Silicon Valley tech giants have also embraced this alternative. Over the past two years, Facebook chief operating officer Sheryl Sandberg has donated over $200 million to her donor-advised-fund, much of which will eventually be granted out to charities focused on women and girls. The donor-advised-fund has spread farther and wider thus far than the philanthropy LLC. They are used by millions of donors of all sizes and backgrounds, so many in fact that the sponsor of Sandberg’s fund – Fidelity Charitable (yes, there is a link to that Fidelity) – has grown to be the largest public charity in the United States. This business is booming: “contributions to [its] donor-advised funds … skyrocketed to $6.85 billion in the fiscal year that ended June 30, a 68 percent increase over the previous year.”

A donor-advised fund offers two principal advantages over a private foundation: timing and deductibility. The timeline for donor-advised fund distributions is flexible. Sponsors will typically make a distribution swiftly on donor advice; in fact, some enable donors to initiate the process with a few mouse clicks. Some sponsors also make efforts to nudge donors to offer advice on stagnant accounts. But, in notable contrast to foundations’ annual five-percent endowment payout mandate, tax law doesn’t require distributions to occur on any particular schedule.

Donors’ tax deductions, in contrast, are available immediately. They also can be more valuable to the donor-taxpayer than identical contributions to a private foundation. For example, gifts of appreciated property – like Sandberg’s stock – to a donor-advised fund are deductible at their full, fair market value. Deductions for contributions of appreciated property to private foundations are limited to the donor’s basis.

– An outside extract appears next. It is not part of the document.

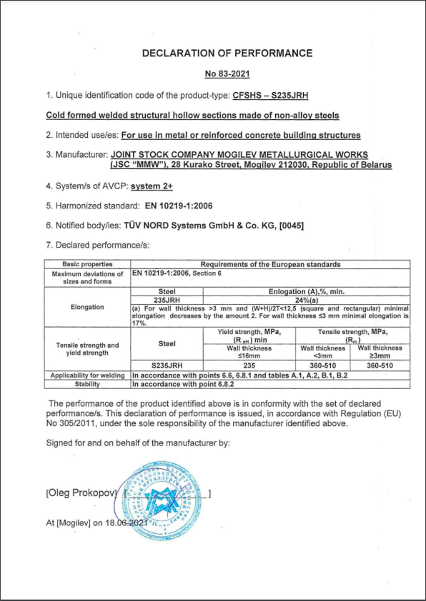 Декларация производительности 83-2021
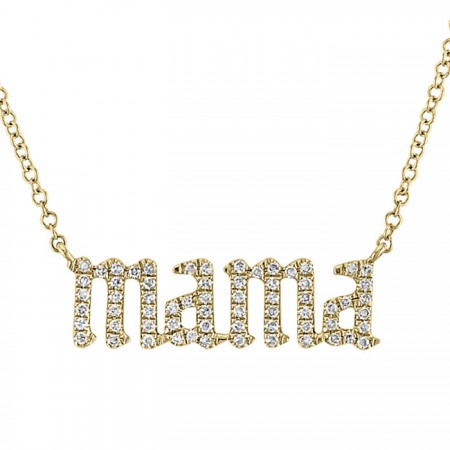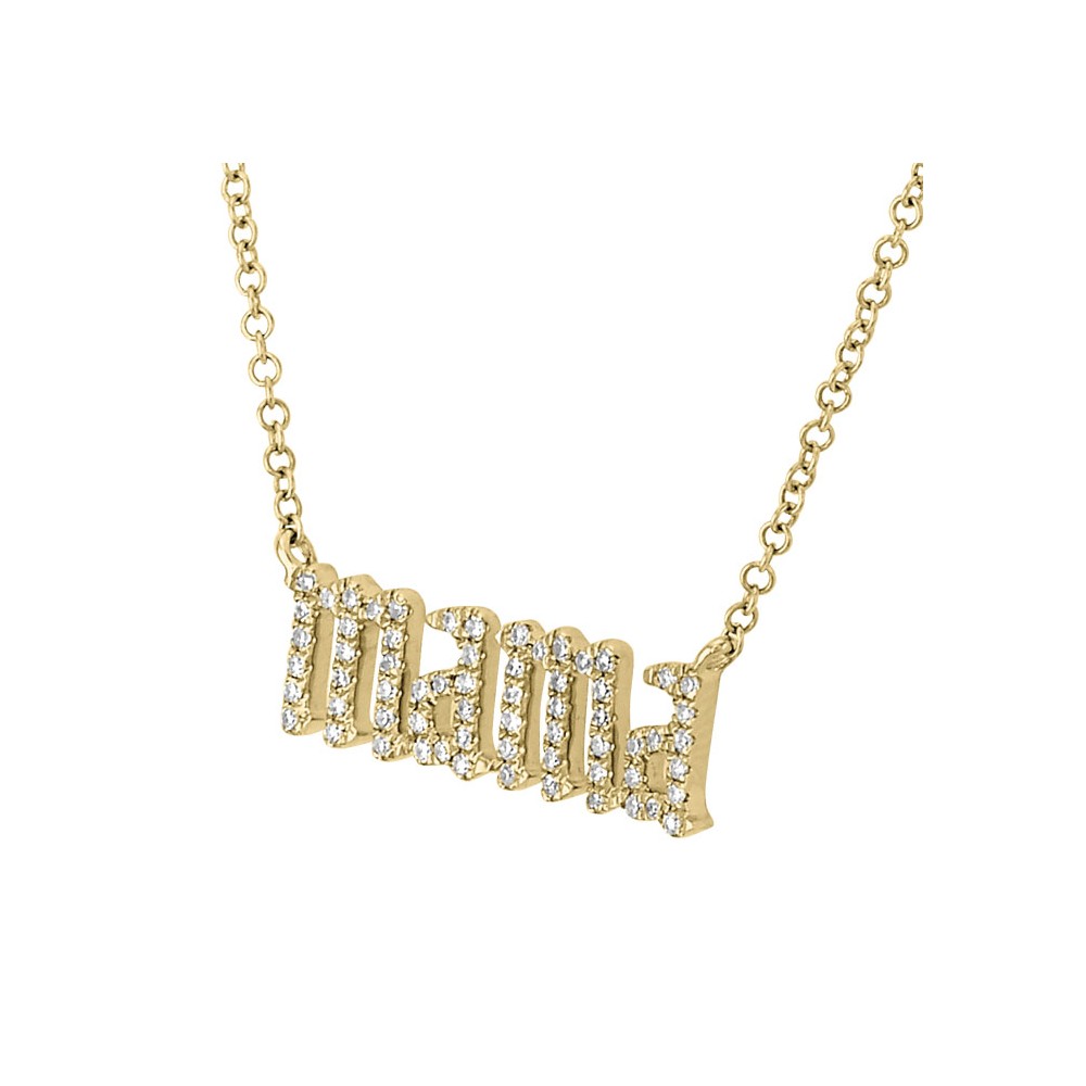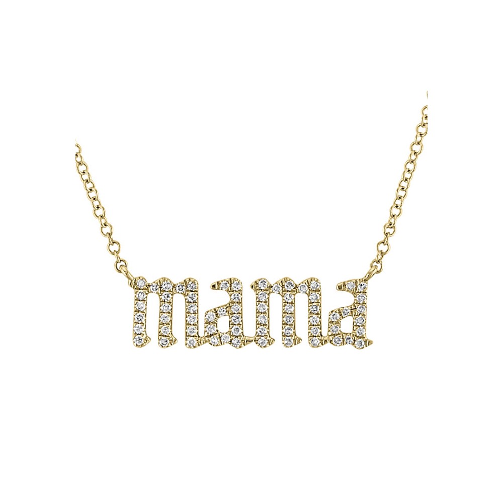 Gargantilla en oro amarillo con palabra "mamá" con diamantes, una regalo muy especial.

Innovations like the philanthropy LLC and the Fidelity Charitable donor-advised-funds appear poised to relegate the private foundation—and with it the traditional boundary between the nonprofit and for-profit sectors—to the dustbin of history. For good and for ill, we can no longer easily separate the worlds of seeking profit for owners and doing good for others. The availability of these alternatives will make philanthropists think hard before establishing a traditional private foundation. Structures like these may encourage greater investment for prosocial activity, but they also dampen tax law’s ability to channel the power of elite philanthropists.

Featured image: “Dollar Money Us-Dollar Arrangement Funds Currency” by geralt. CC0 via Pixabay.